Open source, Open data presented by the Freebase folk, makes a very interesting parallel between open source and open data raising the problematic of versioning open data and providing quality data. There are methodologies and tools for open source software to ensure well designed and reliable code. There is absolutely nothing so far that could handle properly data versioning and data quality assurance. That is the biggest concern freebase has and through this talk they asked for help from the open source community so that more people would get involved in finding solutions to serve open data.

An attendee raised an interesting question about the format that everybody would agree to use to represent the data. I was surprised by the answer. It seems that so far they do not believe that this is a concern, not to say they don't care, but almost. For freebase, the main concern and most challenging part of the data representation is to have a unique identifier. I am not quite sure I agree on that part. Yes, this is important, even mandatory, but there is also the need to define or use a known format to represent this data, (RDF for example) so that we can source this data. To be semantic data, it needs to be both identifiable and readable. And I do not see the point of publishing data on the web if it is not ready to use.

Just for fun, look at Rewrite or Refactor: When to Declare Technical Bankruptcy, it might sounds familiar to you...
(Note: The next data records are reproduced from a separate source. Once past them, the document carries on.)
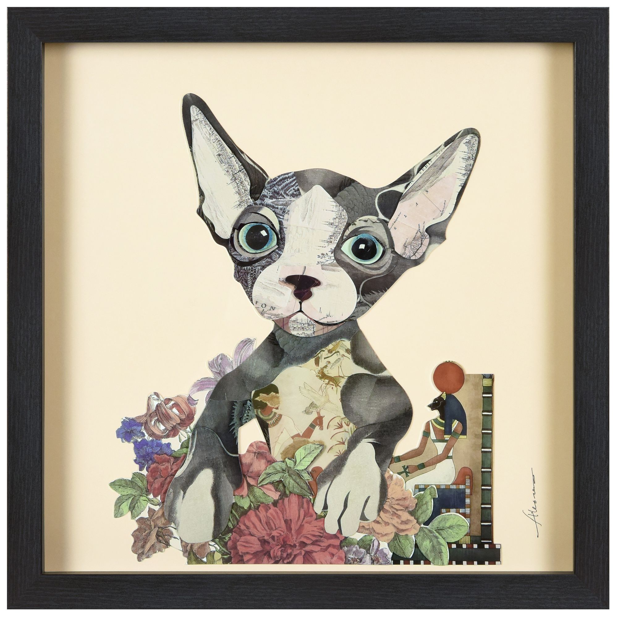 Empire Art Direct Sphynx Dimensional Collage Framed Under Glass Wall Art
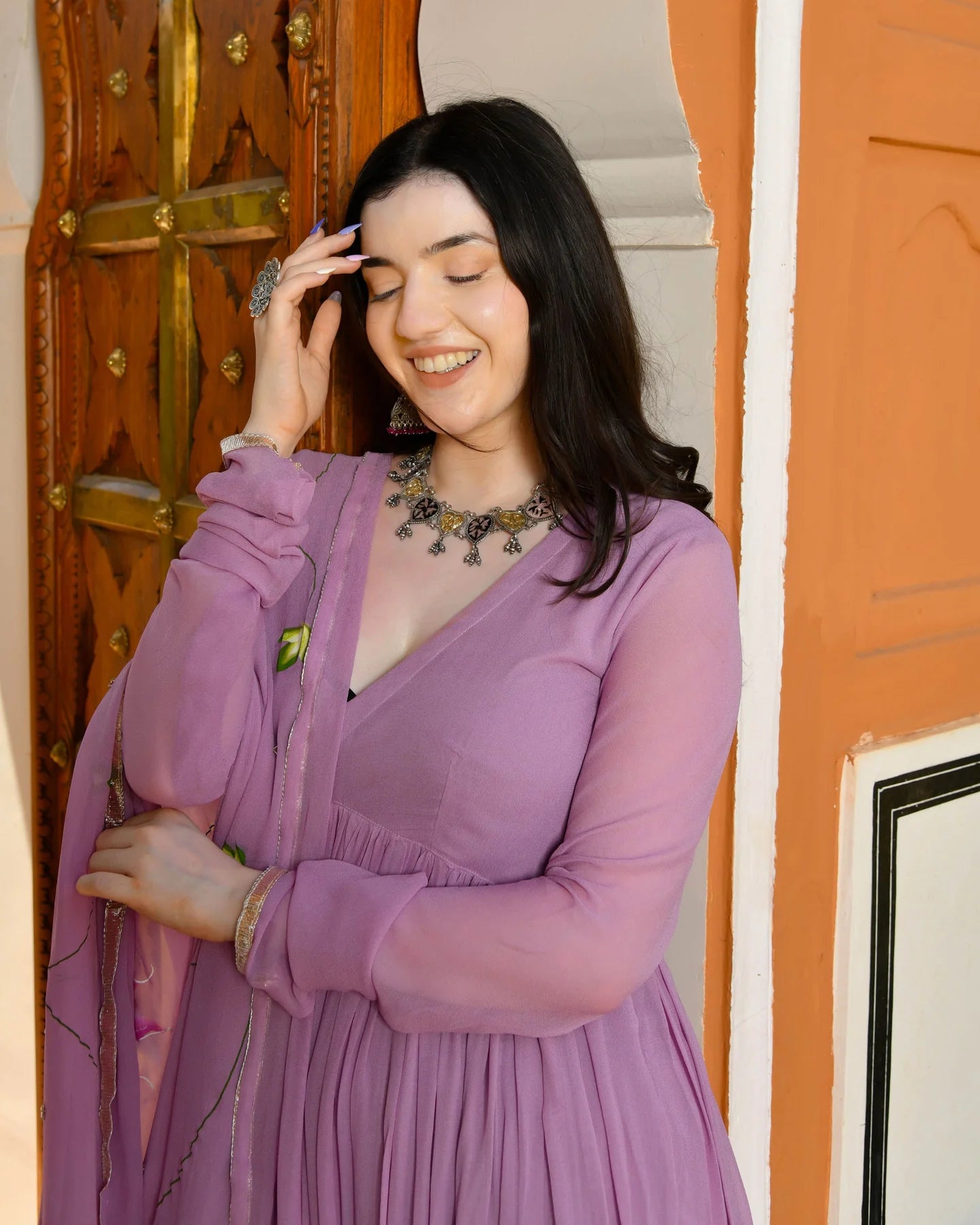Graceful Handpainted Georgette Ethnic Suit Set for Traditional Gatherings and Special Occasions
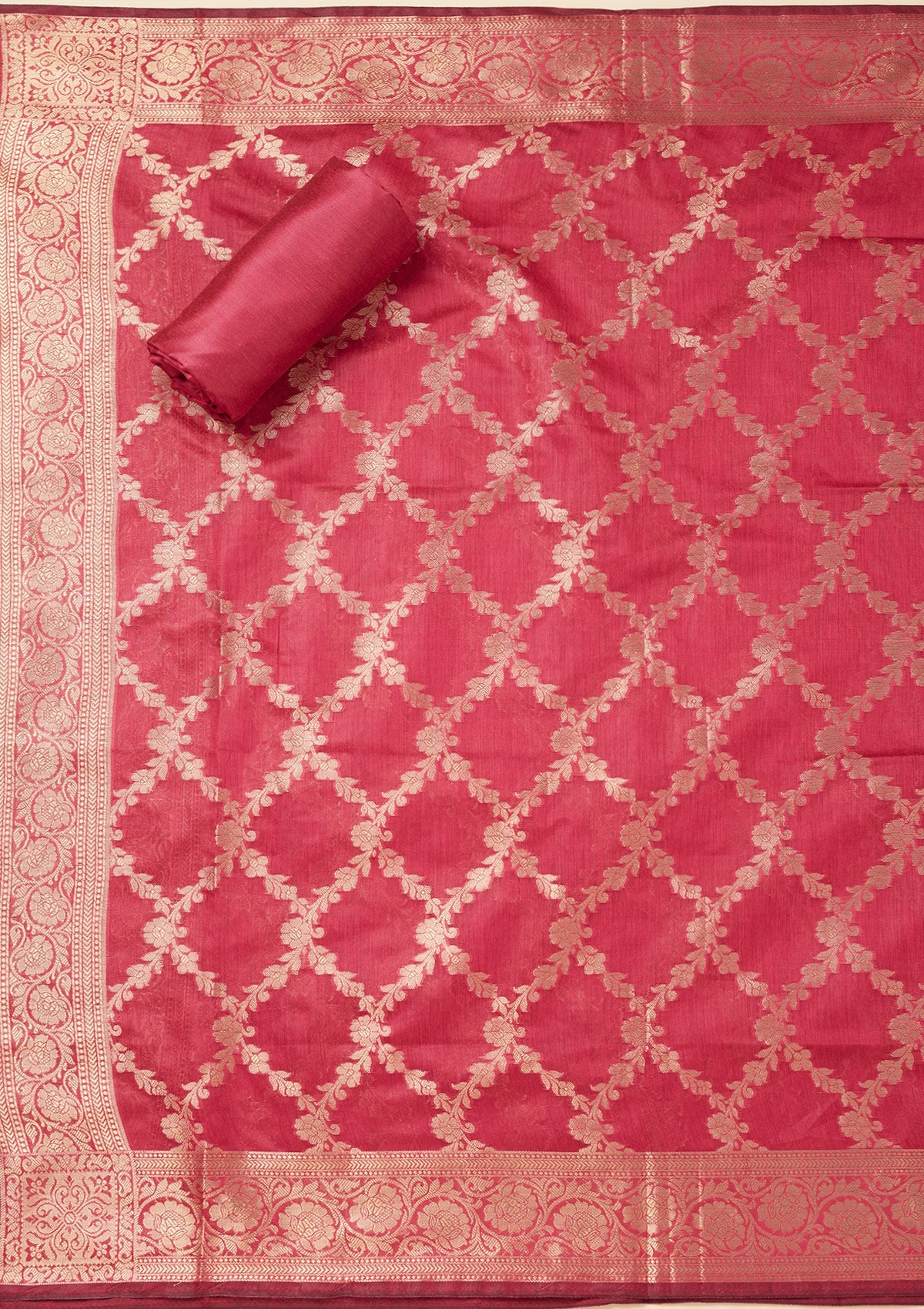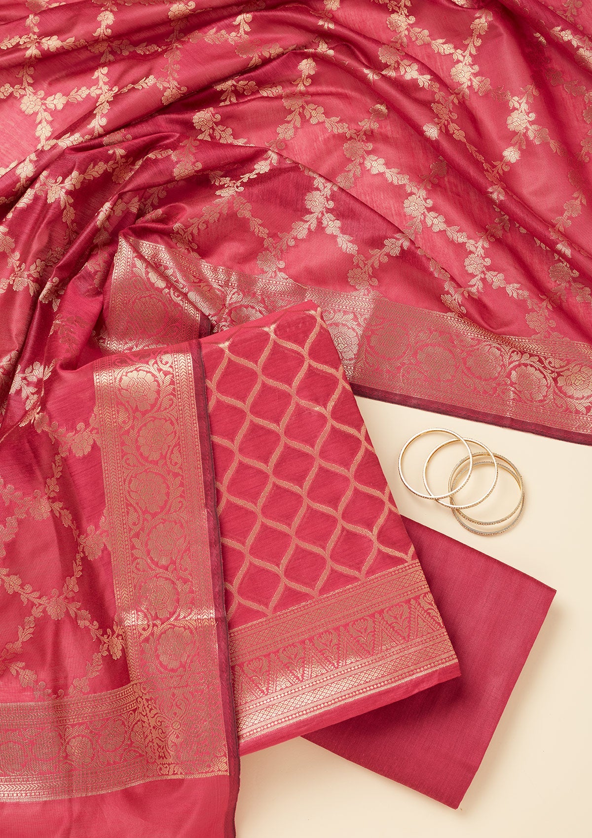 Magenta Pink Zariwork (Gold) Silk Unstitched Salwar Suit
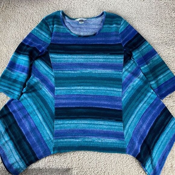 Christopher & Banks Women's Sz L Greens Blues Stripe Hi Lo Hem Long Sleeve Top
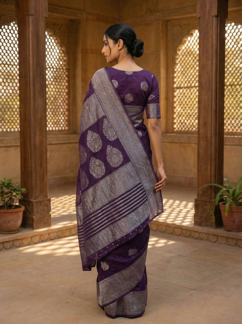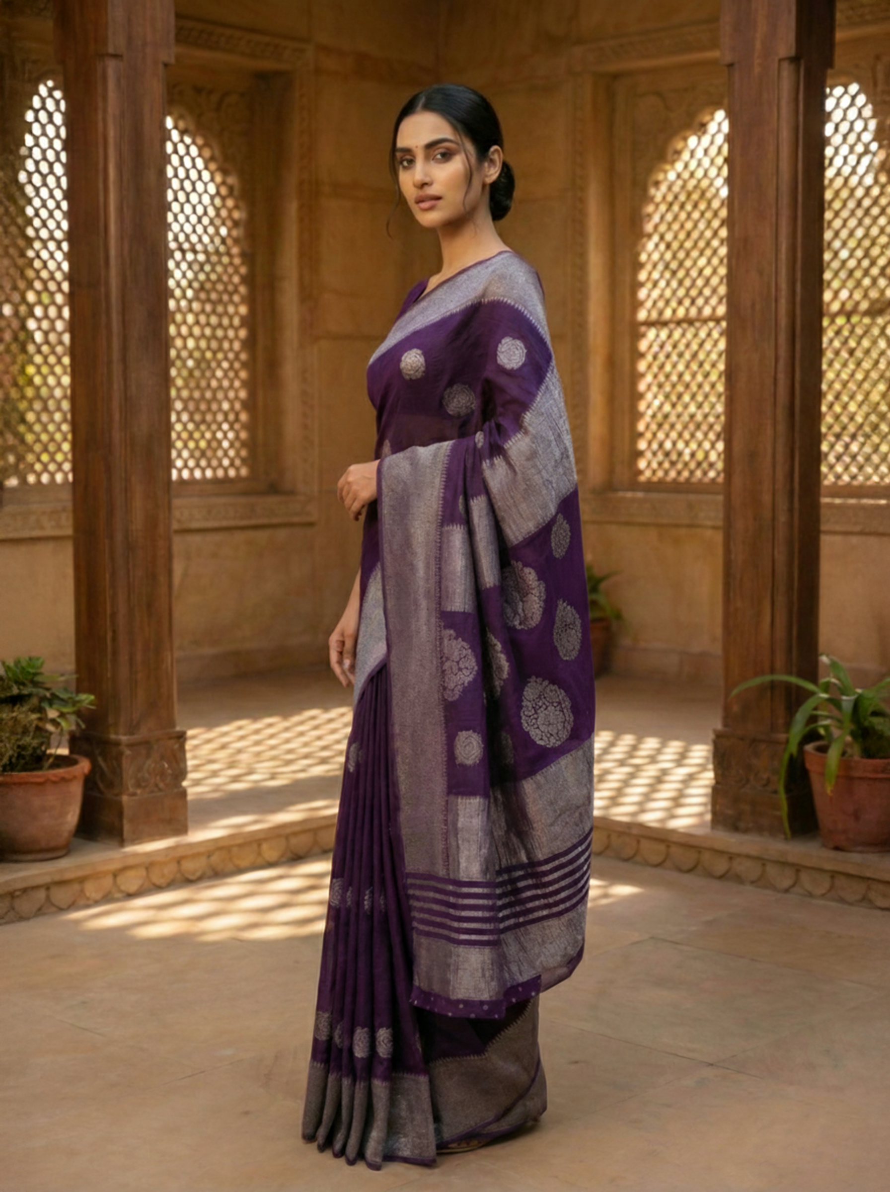 Elevate your ethnic wardrobe with this stunning purple saree, meticulously crafted with silver buttas adorning the entire body. The intricate silver embellishments create a luminous, sophisticated aesthetic that transitions seamlessly from festive occasions to formal celebrations. The rich purple hue provides an elegant canvas that allows the delicate silver detailing to command attention, while the all-over pattern ensures consistent visual appeal from every angle. Perfect for those who appreciate traditional craftsmanship combined with timeless elegance, this saree offers versatility and refined beauty for discerning wearers.

CubicWeb presentation went well, an interested audience which was very happy to see that we could aggregate multiple types of sources in a CubicWeb application. Of course, it would be even better if we would support an RDF source such as dbpedia: don't worry that's going to happen. Also what raised an interest is the semantic views already integrated in the framework such as SIOC, OWL, FOAF, DOAP that you can find in blog entries (sioc), schema (owl), user (foaf), project (doap).

 

RDF Resource Description Framework Icon OWL Button - microformats JSON - RSS dublincore DOAP SIOC - FOAF

By providing a platform for using data from multiple sources and publishing semantic data, CubicWeb is already a piece of the web of open data!